The second stage of the HLM analysis, which answered the second research question, examined interindividual differences in the trajectories of objective and subjective sleep disturbance by modeling the individual change parameters (i.e., intercept, linear, and quadratic slopes) as a function of proposed predictors at Level 2. Table 1 presents a list of the proposed predictors that was developed based on a review of the literature of sleep disturbance in women with breast cancer (4-8, 11, 12, 40-42). To improve estimation efficiency and construct models that were parsimonious, separate exploratory Level 2 analyses were done for objective and subjective sleep disturbance in which each potential predictor was assessed to see if it would result in a better fitting model if it alone was added as a Level 2 predictor. Predictors with a t-value of < 2.0, which indicates a lack of a significant effect, were dropped from subsequent model testing. All of the potentially significant predictors from the exploratory analyses were entered into the model to predict each individual change parameter. Only predictors that maintained a significant contribution in conjunction with other variables were retained in the final models. A P-value of <0.05 indicates statistical significance.

Table 1.

Potential Predictors of Intercept (I) and Linear Coefficient (LC) for Subjective and Objective Sleep Disturbance

Potential Predictors Subjective Sleep
Disturbance
Objective Sleep
Disturbance
I LC I LC
Person
  Age
  Lives alone
  Marital status
  Education
  Ethnicity
  Employment status
  Children at home
  Body mass index
Disease and treatment
  KPS score
  Comorbidities
  Stage of disease
  Total dose of radiation
  Previous chemotherapy
  Previous hormone
  therapy
Symptoms
  Baseline evening LFS
  score
  Baseline CES-D score
  Presence of pain at
  baseline
  Baseline AFI score
  Baseline Trait Anxiety
  score

AFI = Attentional Functional Index; CES-D = Center for Epidemiologic Studies Depression Scale; KPS = Karnofsky Performance Status; LFS = Lee Fatigue Scale;

= From exploratory analysis had a t-value of > 2.00

Results

Patient Characteristics and Symptom Severity Scores

Table 2 displays the demographic, disease, and treatment characteristics of the 73 patients. This sample of patients, with a mean age of 55 years, was well-educated, had a KPS score of 87.7, an average BMI of 27.4, and an average of five comorbidities (58% of the sample had more than five comorbidities). The most common comorbid conditions were allergies (58.6%), back problems (54.8%), headaches (44.4%), and hypertension (27.8%). Fifty-six percent had localized disease (stage 1) while 44% had locally advanced (stage 2 or 3) disease. Seventy-four percent of the patients had breast conserving surgery. Almost 50% had a lymph node dissection and 55% had received chemotherapy prior to RT. The mean baseline symptom severity scores for the 73 patients are listed in Table 2.

Table 2.

Demographic, Disease, and Treatment Characteristics of the Patients (n=73)
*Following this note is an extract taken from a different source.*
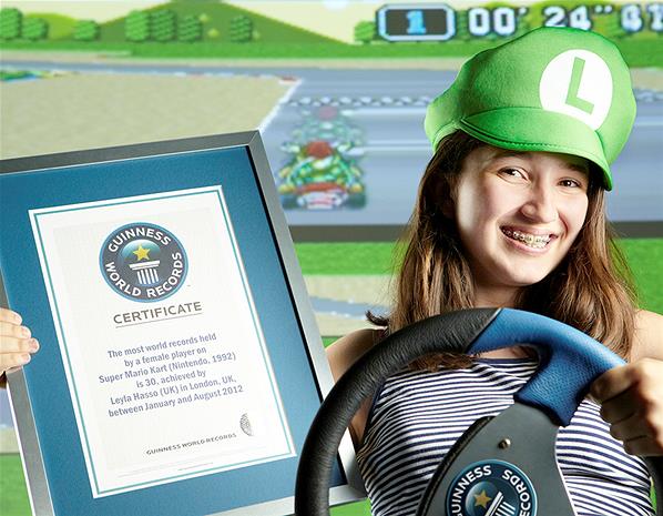Following her uncle Sami's entry in the Guinness World Record books the previous year, Leyla had the opportunity for an entry into the 2013 Gamer's Edition book for holding more Super Mario Kart World Records for a female gamer than any other. A photoshoot was done in 2012 and this has been included into the book with Leyla wearing a Luigi hat (the L also conveniently standing for her name).

Characteristic Mean (Standard Deviation)

Age (years) 55.1 (11.0)

Education (years) 16.2 (2.7)

Karnofsky Performance Status score 87.7 (12.4)
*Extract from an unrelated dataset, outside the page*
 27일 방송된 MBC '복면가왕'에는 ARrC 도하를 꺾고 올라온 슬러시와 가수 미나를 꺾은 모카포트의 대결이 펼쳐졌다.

Number of comorbidities 5.3 (2.6)

Weight (pounds) 165.2 (43.6)

Body mass index 27.4 (7.3)

Hemoglobin (g/dl) 12.7 (1.2)

Lives alone 41.0%

Marital status
  Married/partnered 28.8%
  Divorced/separated 30.1%
  Other 41.1%

Ethnicity
  Non-White 30.0%
  White 70.0%

Employed
  Yes 45.0%
  No 55.0%

Children at home 22.0%

Stage
  Localized 56.2%
  Locally advanced 43.8%

Any chemotherapy received 55.0%

Lymph node dissection 49.0%

Total dose of RT (cGys) 5829 (438.3)

Mean Total Sleep Time (minutes) at baseline 418.6 (72.6)

Mean symptom severity scores at baseline
  GSDS score 44.7 (21.7)
  LFS score for morning fatigue 2.9 (2.1)
  LFS score for evening fatigue 4.9 (1.8)
  CES-D score 12.0 (9.2)
  Trait Anxiety Inventory score 36.2 (11.3)
  State Anxiety Inventory score 33.7 (12.9)

Patients with pain at baseline 49.3%

Patients reporting sweats frequently or
constantly
28.2%

CES-D = Center for Epidemiologic Studies Depression Scale; GSDS = General Sleep Disturbance Scale; LFS = Lee Fatigue Scale; RT = radiation therapy

Subscale Scores for Objective and Subjective Sleep Disturbance

Scores for the various actigraphy parameters and the subscale scores for the GSDS at baseline are listed in Table 3. The mean scores for the various actigraphy parameters were compared to healthy adult values (12) and the percentage of patients outside the normal range are reported in Table 3. For the GSDS, the percentage of patients who scored three or more on each of the subscales or 43 or more for the total score are listed in Table 3.

Table 3.

Mean Values for Various Actigraphy Parameters and General Sleep Disturbance Subscale Scores

Actigraphy Parameters and GSDS
Subscales
Mean (SD) Percentage
Outside Normal
Rangea
Normal
Range/Cutoffs
Actigraphy
Sleep onset latency (minutes) 14.7 (12.2) 25.6 <20 minutes
Percent wake after sleep onset (WASO) 11.0 (8.3) 46.2 <10%
Number of awakenings 15.1 (8.8) 87.2 <6
Wake duration (minutes)b 3.5 (2.6)
Total sleep time (TST) minutes
   hours
419.8 (69.8)
7.0 (1.2)
57.7 >420 minutes
Sleep period time (minutes) 493.1 (71.1)
Sleep efficiency (%) 85.5 (8.7) 26.9 >80%
General Sleep Disturbance Scale (GSDS)
Quality of sleep 2.8 (2.1) 51.3 >3.0
Quantity of sleep 4.6 (1.3) 97.4 >3.0
Sleep onset latency 2.4 (2.5) 41.0 >3.0
Mid sleep wakes 4.5 (2.5) 76.9 >3.0
Early awakenings 2.9 (2.4) 51.3 >3.0
Excessive daytime sleepiness 2.3 (1.4) 30.8 >3.0
Medications for sleep 0.4 (0.7) 1.3 >3.0
Total score 45.4 (21.8) 53.9 ≥43.0
a

Percentage abnormal for actigraphy is based on deviations from healthy adult values. Percentage abnormal for GSDS is based on the cutoff of ≥ 3.0 for each subscale score and ≥ 43.0 for the total GSDS score.

b

Mean time awake per awakening.

For actigraphy, 87% of the sample had an excessive number of awakenings, 46% had an abnormal WASO, and 58% had a TST below healthy adult values (i.e., 420-540 minutes per night). For the GSDS, 51% reported poor quality of sleep, 97% reported poor quantity of sleep, and 77% were above the cutoff score for the number of mid-sleep awakenings. Fifty-four percent of the patients were above the cutoff score for total GSDS score.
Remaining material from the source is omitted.